The popularity of sports is subjective. Sure, there are matters of fact, such as soccer being the sport of the world. But debating the popularity of many others is a less exact process.
Looking at the betting action on individual competitions and tournaments is one way to remedy this. It shows what people are interested in most—and where they’re most likely to to invest their money.
These sporting events don’t always come from the traditionally popular sports. The online betting sites will often offer more UFC lines than baseball odds, even though the latter is supposed to be of greater interest.
Scarcity of supply works in favor of the UFC when using our example. Major League Baseball hosts big-time games basically every day. Main-card UFC fights only take place, at most, once a month.
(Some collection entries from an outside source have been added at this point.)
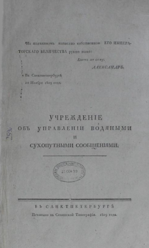 Учреждение об управлении водяными и сухопутными сообщениями : [утв. 20 ноября 1809 г.]. - Санкт-Петербург : В Сенатской тип., 1809
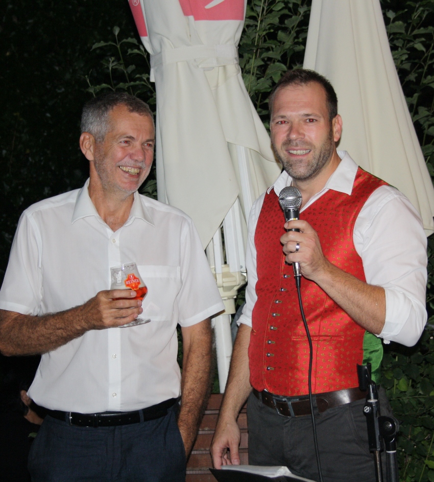 Festwirt Philipp Reiner und Organisator Robert Sturn vom Wirtschafts- und Tourismusausschuss der Gemeinde freuten sich mit den „Bierblosn“ über den großartigen Erfolg.
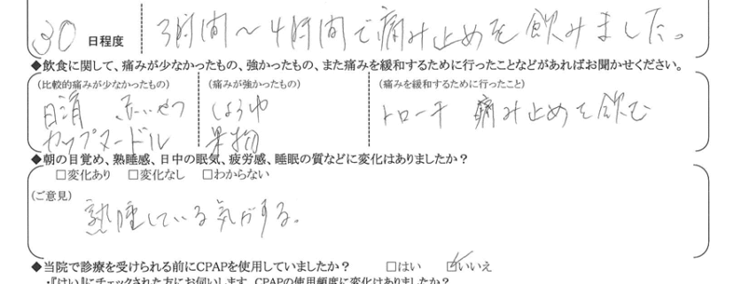 (痛みの程度について) 3時間~4時間で痛み止めを飲みました。
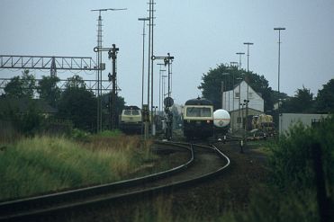 Ausweichgleis 2 war mit 525m Nutzlänge nur für kürzere Güterzüge geeignet. Unkritsch war dies bei den "SST-Zügen" Sazgitter-Beddingen - FallerslebenVW im Fahrplan 1995/96, da diese nur aus einer 360 mit 1-3 Großraumwagen bestanden. Üg 66101 mit 360 871 muss am 09.01.96 auf RB 5758 aus Magdeburg(!) warten. Diese Regionalzüge der Relation Magdeburg - Wolfsburg - Braunschweig fuhren nur im Fahrplan 1995/96 und bestanden aus 2 Loks der BR 202 (Spitzen- und Schlusslok). | V100 Ost trifft V100 West: Am 08.03.96 ist RB 5763 aus Magdeburg Richtung Braunschweig Hbf unterwegs und trifft in Braunschweig Ost auf 211 341 der Gleisbaufirma Wiebe. | |
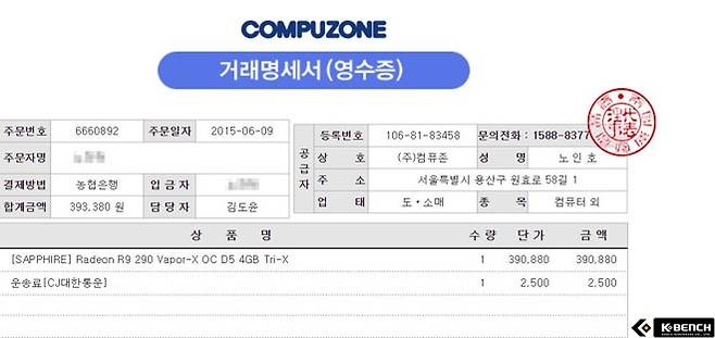 위 영수증처럼 2015년 6월 9일에 구입했던 그래픽카드의 경우 최대 2018년 6월 9일까지 무상 AS를 받아 볼 수 있다. 그렇기 때문에 중고로 그래픽카드를 구입하는 경우에는 영수증을 받을 수 있으면 반드시 챙겨야한다.

With all this in mind, what are the most popular sporting events by betting volume and betting volume alone? We’ve compiled a comprehensive list, using data we’ve culled from CNBC.com.
- World Cup
It should come as no surprise the top spot belongs to a tournament hosted by the world’s most overall popular sport. This quadrennial competition secured nearly 3.6 billion viewers when it last took place in 2018.
What’s more, it’s believed that more than $135 billion was wagered on the World Cup, with more than $7 billion of that money being bet for the final match between France and Croatia. That is an unfathomably high number, and it only reinforces soccer’s place atop the pro-sports pedestal.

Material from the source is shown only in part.